Stearns County Has Disposed Ballots from the 2020 Election
But will that really prevent the truth from eventually being known?
Last summer, when I met in person alongside two Stearns residents with the Stearns County Auditor-Treasurer (24 years in this role) and the newly placed Division Director of Elections, both election officials seemed to have an incomplete understanding of the significance of a cast vote record, which is an automatic internal audit feature in all tabulators certified for use in Minnesota. However only about 24 hours later it was communicated that the citizens of Stearns asking for this would not get this public election data. In September 2022, after Minnesota’s Secretary of State (and many election officials) implied these didn’t exist, Fillmore County produced the first analyzable CVR in Minnesota.
More than 1,000 cast vote record reports from elections in 2020, 2021, and 2022 have been collected by ordros.com, demonstrating there is no legal issue with handing over this election data to the public. Government work product is public. Counties like Dodge County, Wisconsin, even provide public links to downloadable zip files of both CVRs and ballot images on the Dodge County website, which saves staff and citizens time having to send and reply to requests.

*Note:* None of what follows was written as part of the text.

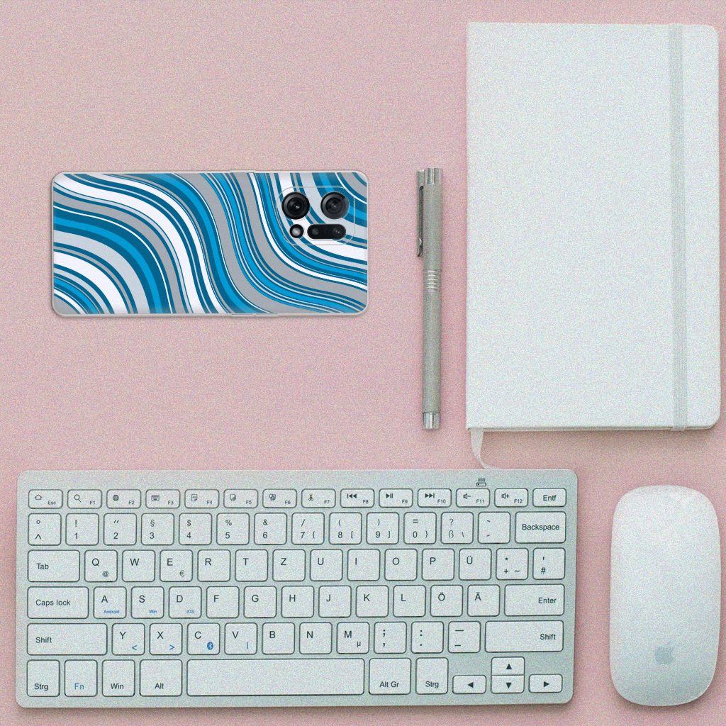 Zeer cool, dit hoesje met vooral blauwe kleuren, die in een golvende beweging jouw telefoon van een mooie uitstraling voorzien. Tijdens een zonnige vakantie aan zee is jouw smartphone perfect beschermd met dit telefoonhoesje. Het design Waves Blue van dit smartphone hoesje doet lichtjes denken aan een lolly, waarmee je een klein kind zeer blij maakt. Jouw OPPO Find X5 zal er ook zeer vrolijk uitzien samen met dit design hoesje. De witte en grijze kleuren staan in mooi contrast met het blauw, waardoor de uitstraling van deze accessoire zeer mooi is. Ook voor andere kleuren kun je natuurlijk uitstekend terecht in ons assortiment. Het design staat op een TPU bumper. Dit hoesje wordt alleen aan de bovenkant bedrukt en is zeer flexibel. De randen van het hoesje blijven transparant.

It was recently shared with a Stearns County citizen that the ballots for the 2020 general election were disposed of. Per federal and Minnesota statute, all election data, physical and digital, must be kept for a minimum of 22 months for most elections. Stearns County has therefore done nothing illegal in their disposal of the physical ballots (and absentee/mail-in signature envelopes) from 2020. However doing away with the ballots hardly helps to make the case toward transparency with the public before a comprehensive audit could take place (note that Post-Election Reviews in Minnesota only audit less than 1% of all ovals statewide on a tiny fraction of the total physical ballots, and do not investigate signature envelopes nor the cast vote records). Residents in Stearns attended commissioner meetings for months asking for audits and eventually relatively easier requests like the cast vote records.

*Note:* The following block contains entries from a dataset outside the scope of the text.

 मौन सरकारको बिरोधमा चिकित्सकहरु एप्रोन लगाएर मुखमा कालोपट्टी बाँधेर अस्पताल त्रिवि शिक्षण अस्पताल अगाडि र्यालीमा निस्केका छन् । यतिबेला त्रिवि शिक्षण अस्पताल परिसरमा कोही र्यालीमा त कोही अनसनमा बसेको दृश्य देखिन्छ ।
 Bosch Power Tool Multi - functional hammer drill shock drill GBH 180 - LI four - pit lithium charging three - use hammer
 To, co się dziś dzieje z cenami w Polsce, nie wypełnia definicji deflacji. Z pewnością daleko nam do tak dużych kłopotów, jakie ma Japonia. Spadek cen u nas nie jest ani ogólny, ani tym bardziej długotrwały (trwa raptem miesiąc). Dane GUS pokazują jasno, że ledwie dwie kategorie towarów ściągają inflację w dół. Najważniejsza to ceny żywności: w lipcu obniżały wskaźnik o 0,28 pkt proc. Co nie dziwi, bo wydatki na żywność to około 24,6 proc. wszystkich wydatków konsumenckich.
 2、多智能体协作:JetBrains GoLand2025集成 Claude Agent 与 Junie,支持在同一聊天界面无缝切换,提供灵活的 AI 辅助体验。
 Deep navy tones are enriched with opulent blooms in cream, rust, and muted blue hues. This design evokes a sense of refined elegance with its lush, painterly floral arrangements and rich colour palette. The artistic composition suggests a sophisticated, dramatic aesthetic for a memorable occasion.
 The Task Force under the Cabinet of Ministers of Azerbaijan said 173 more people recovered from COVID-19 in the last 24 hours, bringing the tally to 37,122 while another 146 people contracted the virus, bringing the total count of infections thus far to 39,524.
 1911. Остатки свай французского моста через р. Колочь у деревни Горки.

They were asking for transparency.
Even in the Senate committee hearing yesterday about ranked choice voting, the man sitting next to me—wearing an orange t-shirt expressing his positive outlook on ranked choice voting (also known as instant runoff voting)—agreed that more transparency would be good. (This after being surprised that I was an “opponent” of SF2270—for a moment there I wasn’t sure if he would allow me to retake my seat after testifying.) Despite the reversal of first impressions, it’s even possible our conversation got back on the rails enough that in the hallway after the meeting he did not join the SF2270-proponent crowd gathering for their victory photo. A victory in my book.
Not all records from the 2020 election have been done away with, discarded, or destroyed. For instance, Tina Peters, the Mesa County, Colorado election clerk who was the subject of [S]election Code, preserved some of her digital records when she made a backup of her election computers prior to a Dominion employee’s “Trusted Build”, a software update which was shown to have deleted log files from the 2020 election—the Mesa Report #3 co-authored by Jeffrey O’Donnell and Dr. Walter Daugherity details proven database manipulation as well. I remember well when Mr. O’Donnell and one other man first shared their preliminary findings on a video call I happened to be on in October 2021. I didn’t know how pivotal O’Donnell would come to be in the current investigations nationwide (and internationally).

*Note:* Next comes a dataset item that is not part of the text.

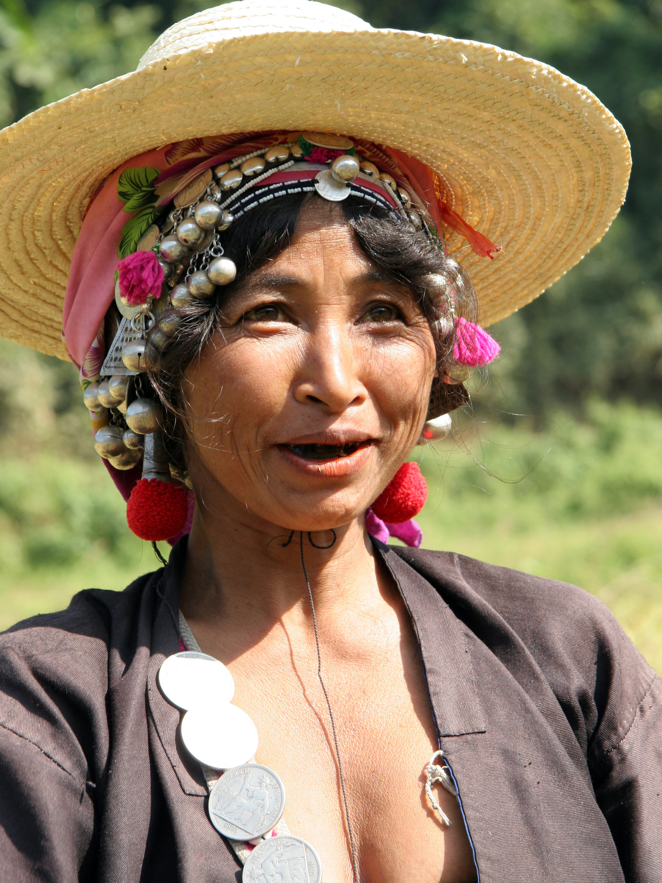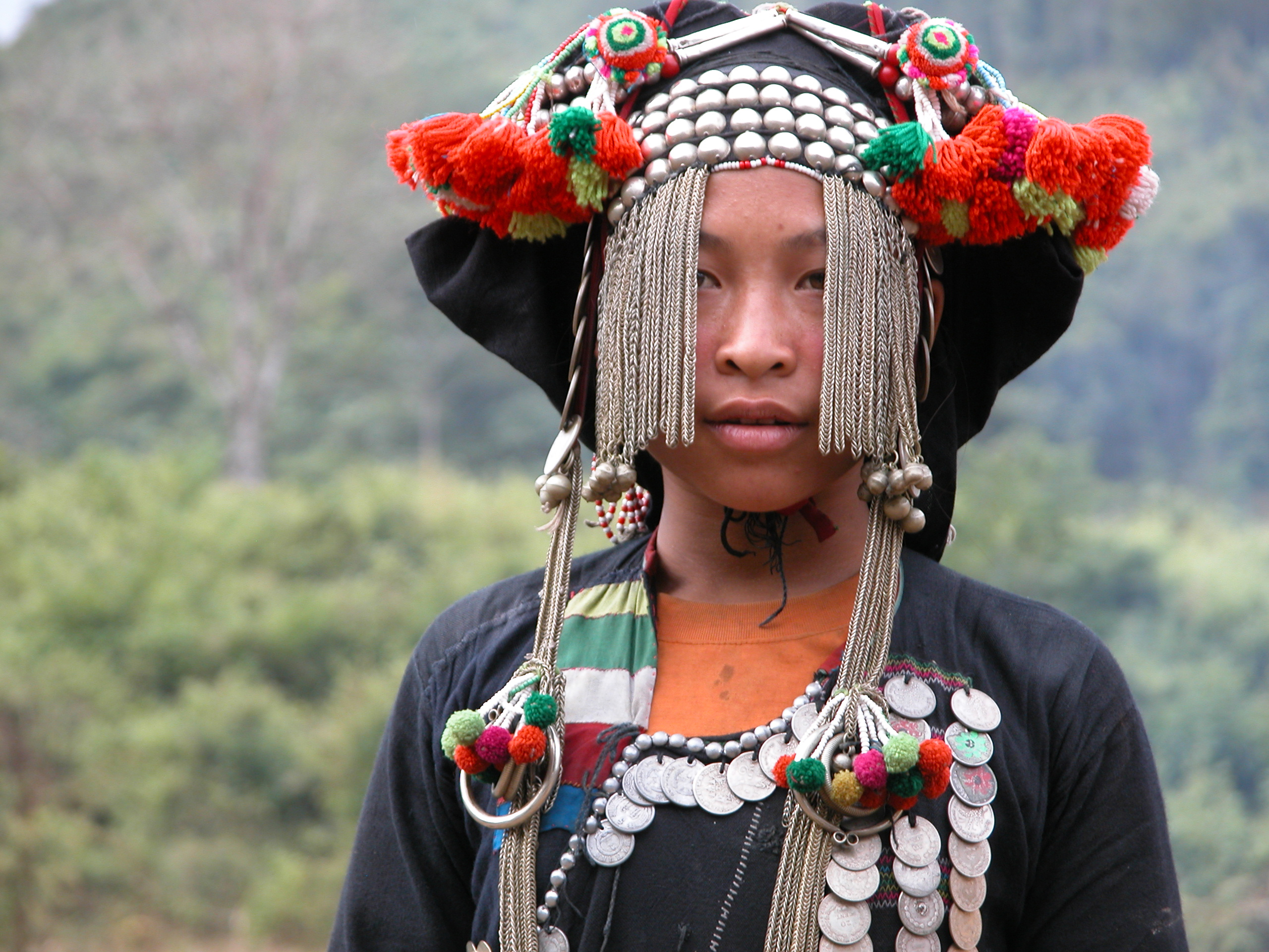圖/同為寮國阿卡族婦女,也有不同的頭飾

Not all election records been destroyed locally here in Minnesota. Even after the Crow Wing County Board of Commissioners voted in favor of a forensic audit (after great encouragement from residents), the Minnesota Secretary of State, Steve Simon, declined to audit Crow Wing County. Are counties holding onto their ballots should a future audit be called for? Perhaps they held onto them because so many citizens were asking about them? Or maybe they are avoiding the potential destruction of evidence given ongoing litigation?
Asking whether the 2020 records, physical ballots, absentee envelopes, and digital cast vote records, are still in the possession of your county is one simple question to map out the level of transparency the county is maintaining with the public. The same can be asked for the 2022 midterms and any other local elections in your area.
While it is true that the counties may legally dispose of these records, would it be so bad to hold onto them just a little bit longer? In the meantime, maybe they can see about sharing the cast vote records (video) with the public too.